● **WORK ORDER**: As the output, give exactly the lines that run from the one with "Solid coloured crew" through the end of the records below, and omit pictures.

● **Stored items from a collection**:
● ● ● ●
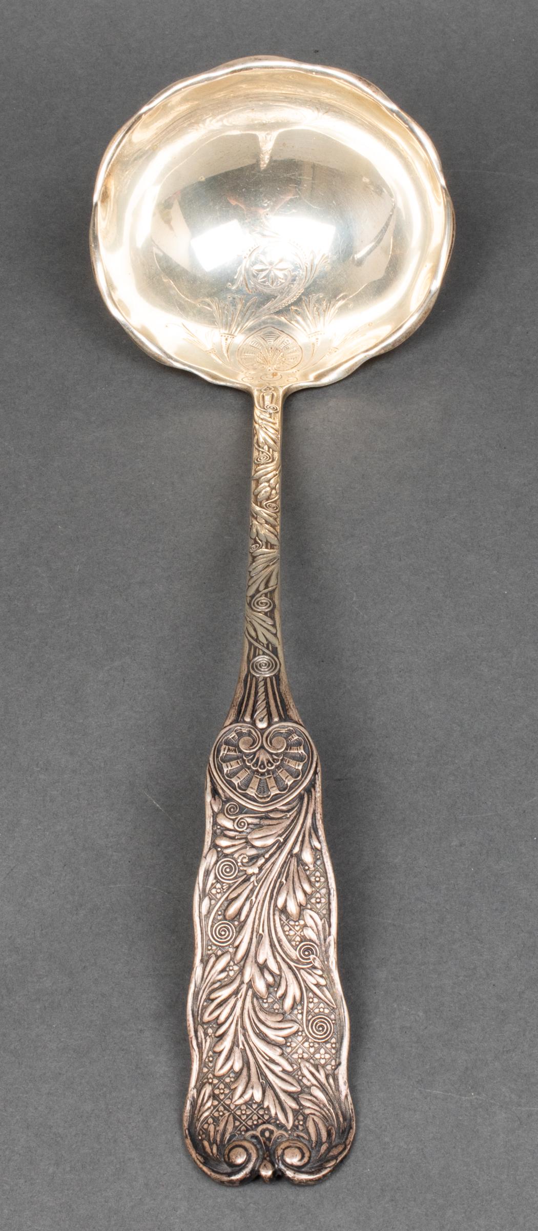 Sold1885 GORHAM STERLING SILVER SAINT CLOUD LADLEA large sterling silver punch ladle made by Gorham in 1885. There are shells, bamboo and foliate themes. It measures 13.5" long and weighs 7.7 OZT (242 grams).See Sold Price
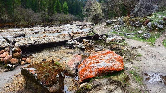 干海子不是湖,只是一片沼泽,白色的鹅卵石、绿植、苔醉也是一番别样景观 。红石阵,绝对是这里的撞色点缀,春天的长坪沟因为红石而艳丽。
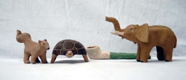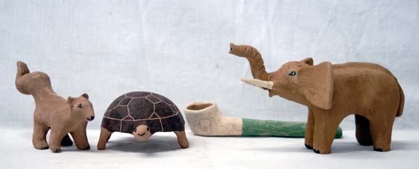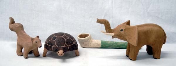 Mexican Tarahumara Pottery Animals and Pipe, largest is the elephant which measures 6''L x 3.5''T, includes squirrel, turtle, elephant (tusks have been glued), and pipe which is signed Yessenia M. C361093582
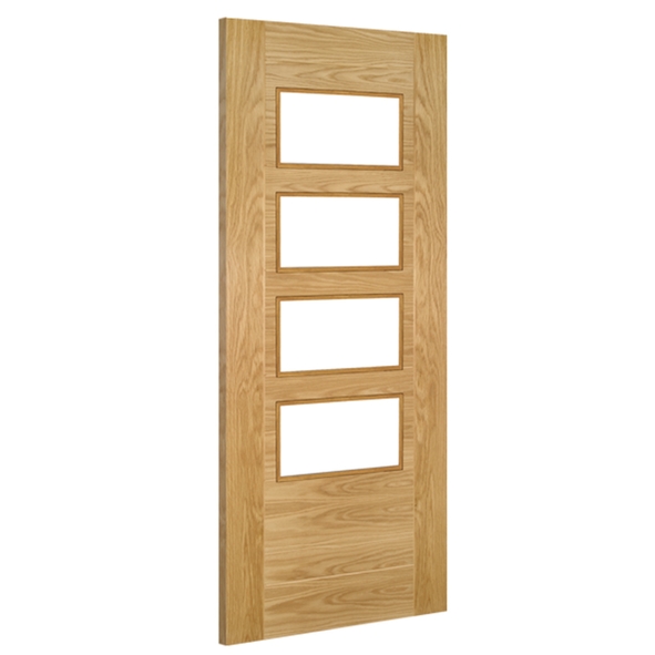 35UK16G4X686FSC • 1981 x 686 x 35mm [27] • Deanta Internal Oak Seville 4 Light Prefinished Door [Clear Glazed]
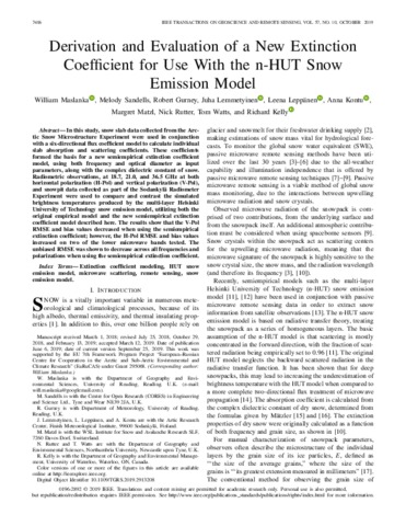 Derivation and evaluation of a new extinction coefficient for use with the n-HUT snow emission model.
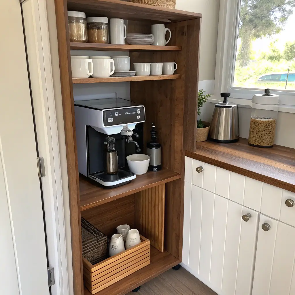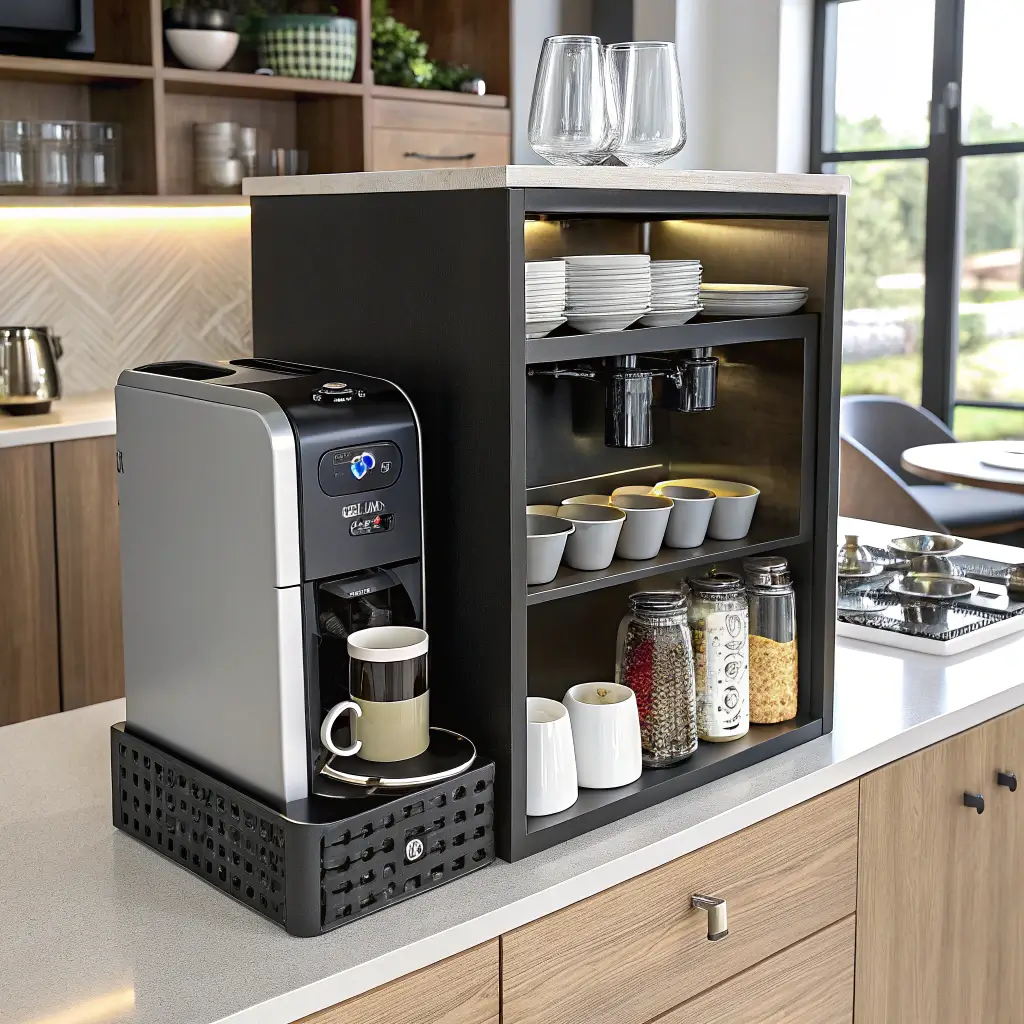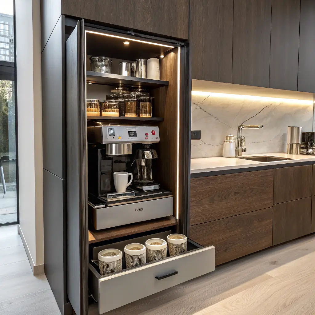 Stealth coffee stations save space and maintain clean kitchen lines. My pull-out station hides behind a regular cabinet door, revealing everything needed for coffee making when extended. Guests always gasp when I demonstrate it—super satisfying.
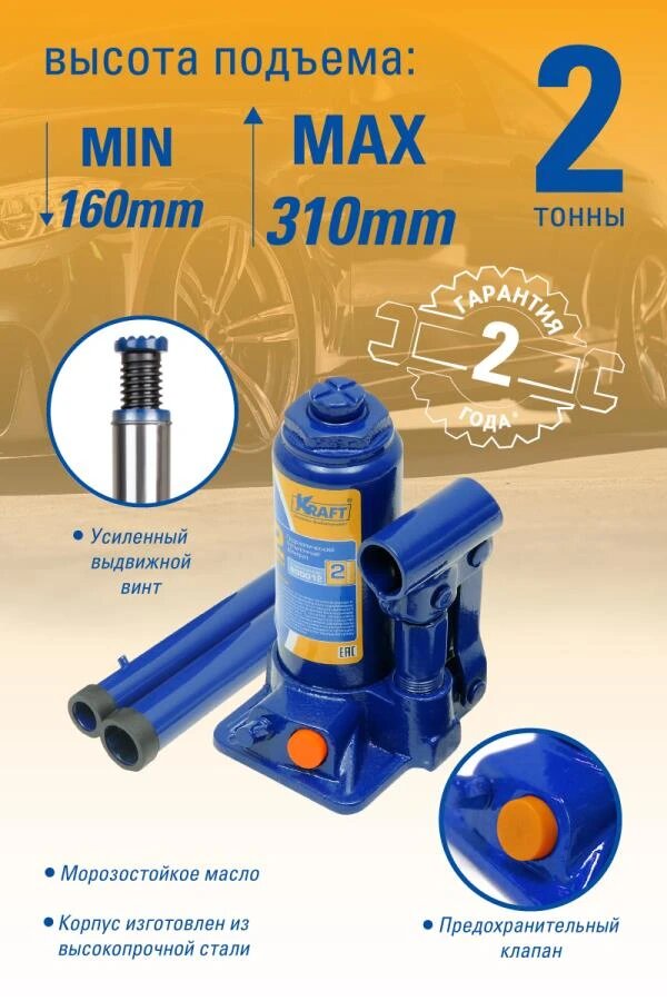 Домкрат гидравлический KRAFT KT 800012 бутылочный, 2т
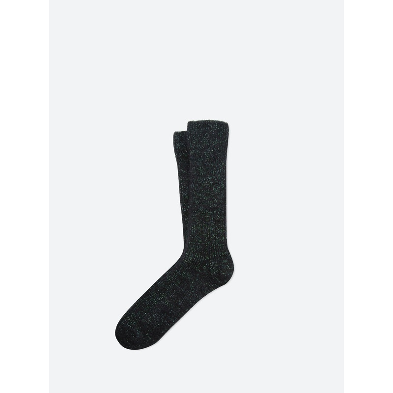 Solid coloured crew socks in ribbed mohair knit with subtle lurex sparkle.
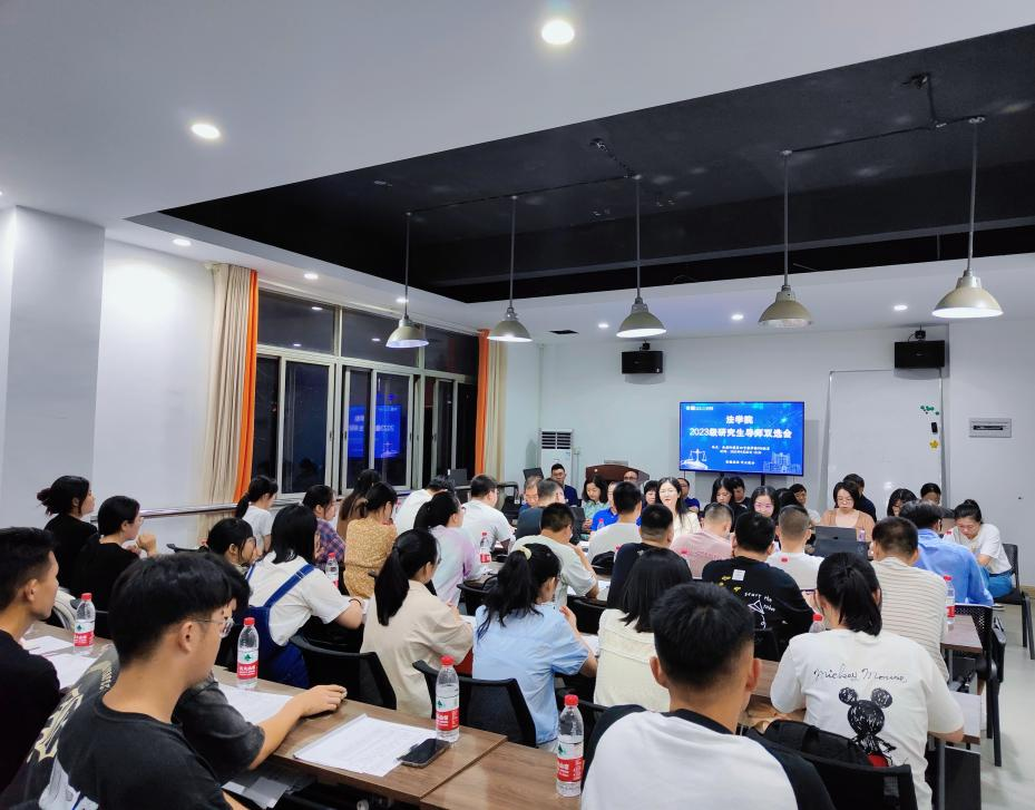 为深化落实研究生与导师互选工作机制,2023年9月20日晚19:30,法学院在四号教学楼506教室召开了2023级研究生导师双选会,会议由学院全体研究生导师和2023级研究生新生参加,徐莉副院长主持会议。
● ● ● ●
● **WRITTEN SOLUTION**:
 Solid coloured crew socks in ribbed mohair knit with subtle lurex sparkle.
 为深化落实研究生与导师互选工作机制,2023年9月20日晚19:30,法学院在四号教学楼506教室召开了2023级研究生导师双选会,会议由学院全体研究生导师和2023级研究生新生参加,徐莉副院长主持会议。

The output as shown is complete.